Processing SMA Data
1.2 m Telescopes
Moment Masking Introduction
The CO surveys in this archive typically contain hundreds of spectral channels at each of thousands of independent sky positions. The simplest reduction of such a large data cube is to sum over one of the axes to produce a zeroth moment map, either a velocity-integrated sky map or a position-velocity map. While straightforward and unbiased, this approach substantially degrades the signal-to-noise ratio of typical emission features, which extend over just a small fraction of the spectral channels and sky positions. A common remedy for this problem is "clipping", in which all spectral channels with intensities below some statistical significance level, typically 3 times the rms noise, are set to zero before summing. However, at every reasonable clipping level clipping suffers from dueling biases, a positive one owing to noise spikes extending above the clipping level and a negative one owing to the clipping of both spectral line wings and weak, extended emission. For a typical CO survey, there is no clipping level at which most of the noise is suppressed and most of the emission is maintained.
To generate a realistic spectral-line data cube of a molecular cloud that is, for the present purpose, noiseless, we utilize our extensive CO survey of the nearby Taurus-Auriga cloud complex (hereafter, the "Taurus cloud"; DHT21); see Figure 1.
Taurus is not a particularly large or massive molecular cloud, but it is very close and covers a large solid angle. Consequently more time was spent to beamwidth map this cloud---over 900 hours---than was spent on any other single cloud or complex in the archive. By degrading the angular resolution of this survey by a factor of 8 and then re-sampling on an 8 times courser grid, we can precisely simulate a survey of a cloud like Taurus that is 8 times further away and for which we integrated 64 times as long per point, roughly one hour. Doing this reduces the rms noise per channel from 0.25 K to 0.03 K. Since this noise is negligible compared with the rms Gaussian noise of 0.5 K that we will subsequently add, we will refer to this smoothed cube as "noiseless". Integrating the noiseless cube over velocity yields the Wco map shown in Figure 2a. This is the map we will attempt to reproduce from a very noisy version of the same survey. A sample grid of the "noiseless" spectra is shown in Figure 2b.

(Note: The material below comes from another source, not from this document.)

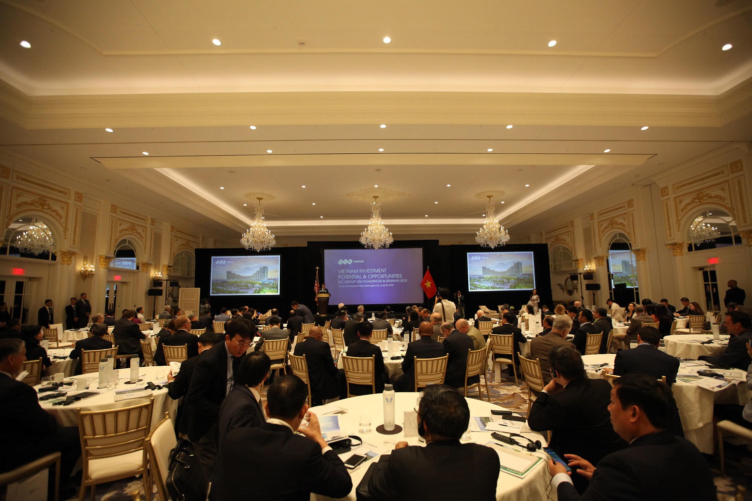 (PLO) - Đây là một sự kiện đặc biệt, khi có sự hiện diện của tới 4 vị Đại sứ, Phó Thủ tướng Vương Đình Huệ phát biểu tại sự kiện quảng bá và xúc tiến đầu tư do Tập đoàn FLC tổ chức hôm 26/6, tại khách sạn Trump International Hotel (Washington D.C., Hoa Kỳ), thu hút sự tham gia của hàng trăm đại diện lãnh đạo các cơ quan Chính phủ, nhà đầu tư cá nhân, tổ chức tài chính, quỹ đầu tư, và doanh nghiệp tại Hoa Kỳ.

Adding Gaussian noise with an rms of 0.5 K to the cube and again integrating over velocity yields the Wco map in Figure 3a, with contour levels the same as in Figure 2a. The same array of sample spectra, now with the noise added, is shown in Figure 3b.
Next we generate clipped and moment masked versions of the noisy cube at various clipping and masking levels. Keep in mind that the sigma used for clipping is the raw rms of 0.5 K, whereas in moment masking sigma refers to the rms in the cube after smoothing to a resolution of 2° x 2.5 km/s (see Dame (2011) for details).
Wco maps obtained from the moment masked and clipped cubes at various sigma levels are shown in the Figures 4 and 5 respectively. It's clear from a comparison of these maps with the noiseless map in Figure 2a that moment masking at 5-sigma (Fig. 4c) best reproduces the noiseless map, far better than clipping at any sigma level (Fig. 5). Moment masking below 5-sigma allows pure-noise features to enter the Wco maps while picking up little obvious additional emission. For the purpose of reducing noise there is little advantage to moment masking above 5-sigma, and doing so suppresses some of the weaker emission features (e.g., Fig 4d).
For reference, the noiseless Wco map and the one moment masked at 5-sigma are reproduced side-by-side in Figure 6 below.
Another criterion for determining the optimum noise suppression technique is to compare the total molecular cloud mass determined from each of the noise-suppressed cubes with that obtained from the noiseless cube. On the usual assumption that H2 column density is proportional to CO velocity-integrated intensity, the total cloud mass is proportional to the sum over all channels in the cube; we will take that sum as the mass for the present purpose. In Figure 7 we plot the cloud mass as determined from cubes clipped and moment-masked over a wide range of sigma levels, and also the true mass determined from the noiseless cube.
By this criterion also, we find that moment masking at 5-sigma is most effective at reproducing the noiseless result. The clipping technique at ~3-sigma also yields the correct mass but judging from Figure 5a this is clearly owing to a positive noise bias. Both techniques suffer from this bias at low sigma, however clipping suppresses the bias only when significant emission is suppressed as well, whereas moment masking can suppress the bias while still maintaining most of the true emission. The moment-masking technique yields 88% of the true mass even when masking at 10-sigma, since most of the emission comes from large, bright features which have extremely high significance in the smoothed cube.
We have shown that for a typical molecular cloud such as that in Taurus, the moment masking technique as refined in Dame (2011) is highly effective in removing noise from the spectral line data cube while maintaining most of the emission at the full angular and spectral resolution of the original survey.